Friday, May 27, 2016

Blue Electric Storm/ Blue Resonant Monkey - Spectral Serpent Moon of Liberation, Day 26






"His Hair Flows Like a River". T.C. Cannon.




Tommy Wayne Cannon (September 27, 1946–May 8, 1978) was an important Native American artist of the 20th century. An enrolled member of the Kiowa Tribe with Caddo and French descent, he was popularly known as T.C. Cannon.

Cannon grew up in Zodaltone and Gracemont, Oklahoma. His parents were Walter Cannon (Kiowa) and Minnie Ahdunko Cannon (Caddo). His Kiowa name, Pai-doung-a-day, means "One Who Stands in the Sun." He was exposed to the art of the Kiowa Six, a group of Native American painters who achieved international reputations in the fine art world and who helped developed the Southern Plains-style of painting. Stephen Mopope and Lee Tsatoke Sr. were particularly influential on the young artist.

T.C. Cannon enrolled in the Institute of American Indian Arts of Santa Fe in 1964, where he studied under Fritz Scholder (Luiseño). After graduating from IAIA, he enrolled in the San Francisco Art Institute but left after two months and enlisted in the army. As paratrooper in the 101st Airborne Division, Cannon was sent to Vietnam from 1967 to 1968. During the Tet Offensive, he earned two Bronze Star Medals. He was also inducted into the Black Leggings Society, the traditional Kiowa warriors' society.

While still stationed in Vietnam, Cannon had a breakthrough in his art career. Rosemary Ellison, curator of the Southern Plains Indian Museum in Anadarko, Oklahoma, included him in a major traveling exhibit, Contemporary Southern Plains Indian Art.

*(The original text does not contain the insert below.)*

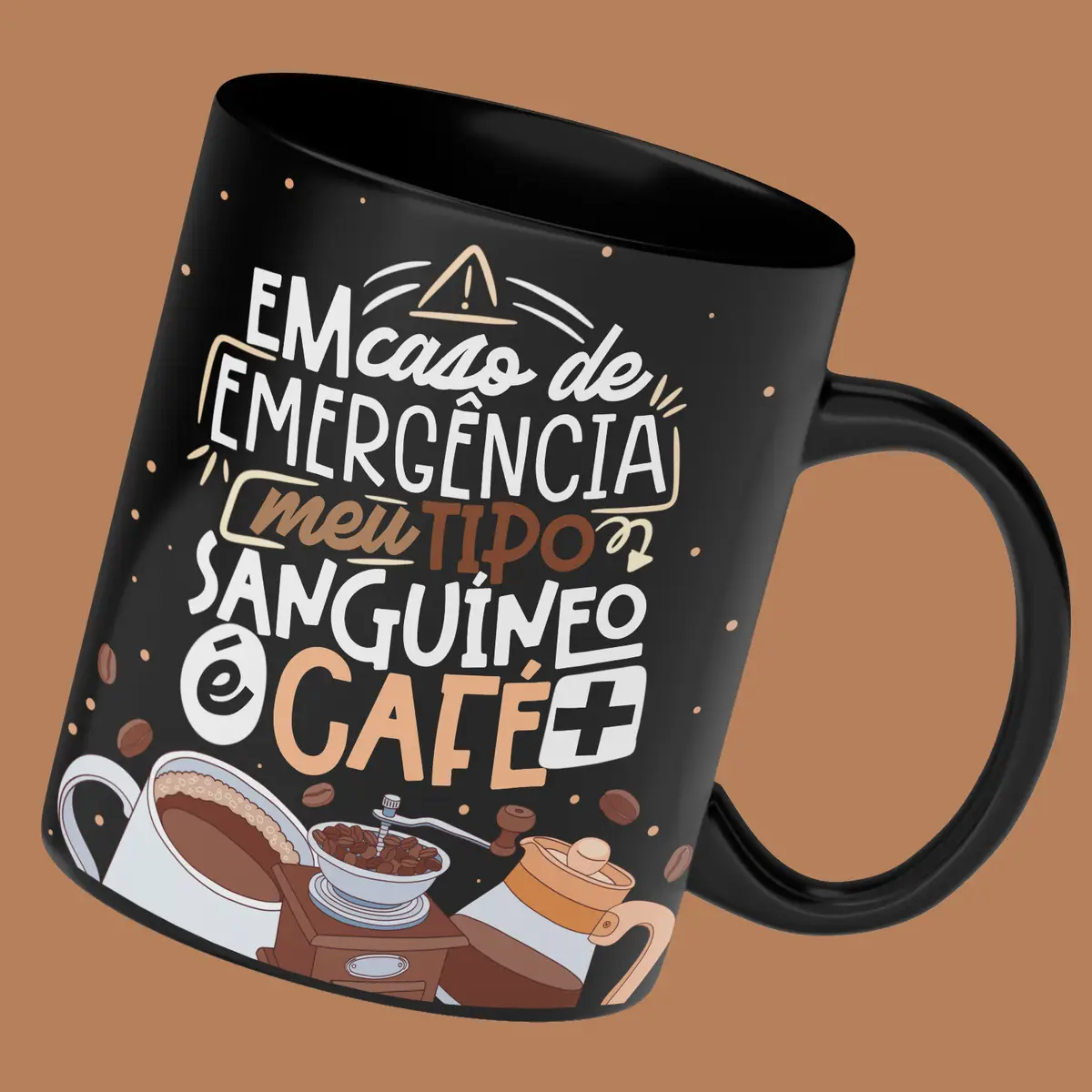 - Frase Caneca Em caso de emergência meu tipo sanguíneo é café+

In 1972, Cannon and fellow artist Fritz Scholder had a two-man exhibition at the Smithsonian Institution's National Collection of Fine Arts, titled Two American Painters. Cannon produced a large body of work over the next six years, in preparation for his first one-man show, scheduled to open at the Aberbach Gallery in New York in October 1978. On May 8 of that year, however, he died in an automobile accident. After a delay, the show opened on December 10, 1979, as T.C. Cannon: A Memorial Exhibition. Featuring 50 works by Cannon, the show traveled to such locations as the Heard Museum, the New Mexico Museum of Art, and the Buffalo Bill Historical Center.

Cannon was an artist-in-residence at Dartmouth College in Hanover, New Hampshire; Colorado State University in Fort Collins, Colorado; and the United States National Park Service. In 1988 he was inducted into the National Hall of Fame for Famous American Indians in Anadarko




CAUAC



Kin 159: Blue Electric Storm


I activate in order to catalyze
Bonding energy
I seal the matrix of self-generation
With the electric tone of service
I am guided by the power of abundance.



On Earth, the last planet analphs are stored in the archaic depths of mind as legends and myths, such as the Greek legend of Icarus, who flies too close to the sun and melts his artificial wings.*



*Star Traveler's 13 Moon Almanac of Synchronicity, Galactic Research Instiute, Law of Time Press, Ashland, Oregon, 2015-2016.